The Jacobson verdict

March 24, 1992

Cecil B. Jacobson, the former Fairfax County, Va., fertility specialist who was convicted last week on 52 counts of fraud and perjury for using his own sperm to impregnate patients who believed they were receiving sperm from anonymous donors, maintains that he did nothing wrong and that he was only "trying to help these people."

Ironically the government, which claimed Jacobson fathered more than 70 children by women who came to his clinic because they desperately wanted babies, could not prosecute him for those acts because federal law does not forbid doctors from impregnating their patients. Prosecutors had to rely on commonplace mail and wire fraud statutes to obtain convictions, in effect resting their case not on the illegality of what Jacobson did but on the fact that he lied about it.
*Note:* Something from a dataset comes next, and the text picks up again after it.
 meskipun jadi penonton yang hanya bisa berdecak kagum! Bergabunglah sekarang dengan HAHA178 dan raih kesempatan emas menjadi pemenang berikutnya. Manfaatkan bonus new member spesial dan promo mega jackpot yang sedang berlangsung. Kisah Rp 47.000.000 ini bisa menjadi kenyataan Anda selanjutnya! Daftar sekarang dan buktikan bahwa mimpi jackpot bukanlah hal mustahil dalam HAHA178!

It is not unusual for prosecutors to pursue such a strategy in cases where either they have insufficient evidence to support more serious charges or in cases, like Jacobson's, which are ill-defined or completely ignored by existing statutes. The legal rules governing artificial insemination, a relatively new technique, simply had not caught up with current medical practice.

Yet Jacobson's conduct clearly violated the fundamental relationship of trust between physician and patient. Jurors in the case were less impressed by prosecution arguments that Jacobson acted out of greed and a desire to shore up a declining practice than by the wrenching testimony of patients about the mental anguish and suffering his duplicity caused.
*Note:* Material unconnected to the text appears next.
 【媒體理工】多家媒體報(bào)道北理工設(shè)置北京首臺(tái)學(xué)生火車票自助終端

Jacobson may have thought he was only helping his patients but he had to have known that whatever happiness he may have brought by enabling them to conceive children would turn to gall the moment his scheme was exposed, as it had to be sooner or later. Medical science is changing so rapidly that there probably will always be the kind of legal ambiguities that allow physicians of questionable integrity to delude themselves into believing that they are doing nothing wrong. Ultimately, the only guard against such abuse is common sense and a sternly enforced code of professional ethics. Meanwhile, Congress and state legislatures can do their part by moving quickly to clarify the law spelling out exactly what physicians can and cannot do to help couples who wish to conceive children.